How to handle data returned from the MR

Sequence analysis of PSI plasmids

As you know, the PSI:Biology-MR sequence verifies all PSI plasmids by comparing the clone's actual sequence (from the MR) to the reference sequence provided by the PSI center using our Automated Clone Evaluation (ACE) software. Each difference between the actual and expected sequences is recorded as a discrepancy object, which is categorized according to its type: silent mutation, amino acid substitution, frameshift, linker mutation, etc. Clones will be either accepted or rejected based on the criteria developed using the questionnaire sent out last year and analysis of discrepancy frequency for plasmids already processed in ACE.

After the ACE analysis several "bins" will be created:

  1. Completed and accepted clones. For these clones, the plasmid information will be uploaded into DNASU and samples will be prepared for distribution.
  2. Incomplete clones. These are clones that require additional sequencing or evaluation, either because sequencing with at least one primer failed, sequencing did not result in full coverage of the insert or there were regions of sequence with low confidence scores that led to discrepancies. These clones will be put in our salvage pathway for further processing at the MR.
  3. "No match clones". The clone sequence does not align with the sequence expected for that clone. We will handle these in the same way as "rejected" clones.
  4. "Rejected" clones. These are clones that exceed at least one high-confidence (i.e., clearly not due to sequencing error) threshold for reject criteria in ACE. It is worth noting that the ACE algorithm is designed to conserve resources. Thus, as soon as a clone surpasses a high-confidence rejection threshold, the clone is marked "rejected" and all further work on the clone stops, even if additional sequencing reads are needed to assemble a complete sequence. This is to avoid expending additional sequencing, processing and personnel costs on a clone that is clearly not useful. However, such clones are not physically "discarded", but are retained until a person reviews and ?signs off? that they should indeed be removed from the list. Thus, each month the MR will return data to the PSI center for all rejected clones as a spreadsheet containing all of the data for your recently analyzed clones.
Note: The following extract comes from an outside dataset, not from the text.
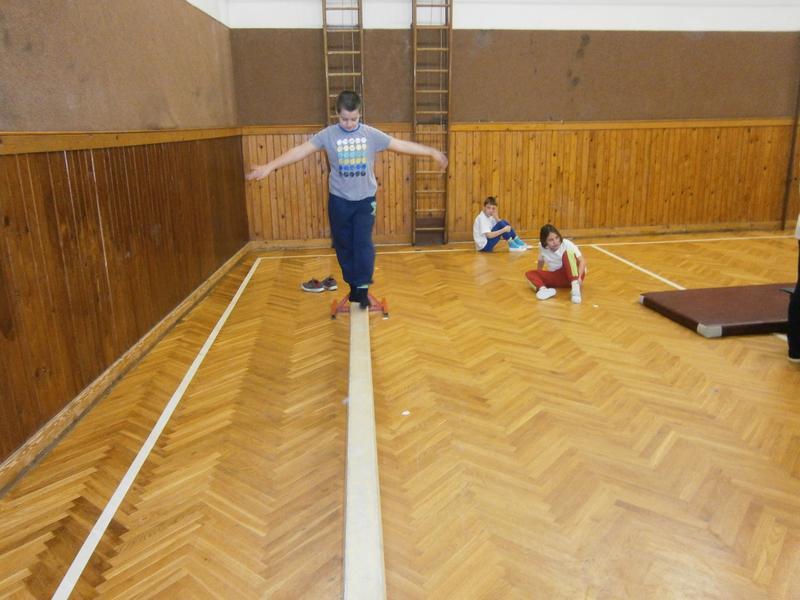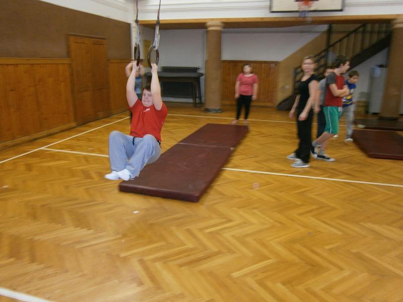 V dnešní hodině tělesné výchovy jsme úspěšně prošli testem zdatnosti. Ten započal jogínský pozdrav Slunci a následovala série náročných úkolů na stanovištích. Zvládli jsme překážku v podobě švédské bedny, závěs a houpání na kruzích, skoky na trampolíně, přechod přes kladinu, pokus o šplh na laně a posilování na lavičce se zdoláváním výšek.

Data you will receive from the MR

  1. Clone Identifiers such as our clone ID, your original Clone ID, the vector, and other clone annotations you sent us.
  2. The "Group", which will tell you whether the clone is a "no match" or "rejected". The rejected clones exceed at least one high-confidence (i.e., has a strong phred score in the region of discrepancy, and therefore, is clearly not due to sequencing error) threshold for reject criteria in ACE. Because of the conservative approach, there are some rejected clones that do not have assembled sequence available in the spreadsheet, but there will always be a high quality discrepancy in the available sequence that will force the clone's rejection. It is also worth noting that we never reject a clone because of a low quality discrepancy (so you do not need to spend time looking at these).
  3. Actual sequence information, which includes our internal sequence ID, the location of your trace files, the actual assembled clone sequence from the MR and its start and stop locations. Note that no match clones do not have assembled sequence information; however, you will be able to review the sequence by looking directly at the trace files. We have set up an FTP site for centers to grab the trace files (http://tracefiles.dnasu.asu.edu).? The trace file location can be found in the "Clone Directory Name" column according to the following example: D:\trace_files_root\clone_samples\329082\502750 (where the trace file location will be in folder 329082 > folder 502750 > .ab1 files)
  4. The list of discrepancies. This includes the type of 5' linker, CDS and 3' linker discrepancy (ex. Substitution, deletion, insertion, truncation) and the detailed list of discrepancies with abbreviations as follows:
Discrepancy? Abbreviation Description
Silent Substitution a87g,E29E nucleotide 87 mutated from an "a" to a "g"
amino acid 29 unchanged
Missense Substitution t8c,L3P nucleotide 8 mutated from a "t" to a "c"
amino acid 3 mutated from a "L" to a "P"
5' Linker Substitution a-26g nucleotide at position -26 mutated from an "a" to a "g"
Insertion ins@369,3 insertion of 3 nucleotides at position 369
Deletion del@19,3 deletion of 3 nucleotides at position 19

What to do with this returned data

Once you review your discrepancy spreadsheet, you have several options in handling these clones:

  1. Confirm that the clone should be rejected
  2. Argue that processing should continue on the clone that was rejected before being fully assembled by explaining why the fatal discrepancy(ies) is (are) in error
  3. Recommend that the any fully sequenced but rejected clones should be accepted despite their discrepancies and include a disclaimer that explains why. We will post the actual sequence and disclaimer on DNASU.
  4. If it is determined that the clone is actually correct and the original predicted annotation was in error, you can update the clone's annotation. To do this, return a spreadsheet containing the Clone ID, a column with the original data (headed, for example, NTSeqOld) and a column containing a corrected version of the data (headed, for example, NTSeqNew). We will then update our database and reanalyze the clone with the new annotation that should then lead to acceptance of the plasmid.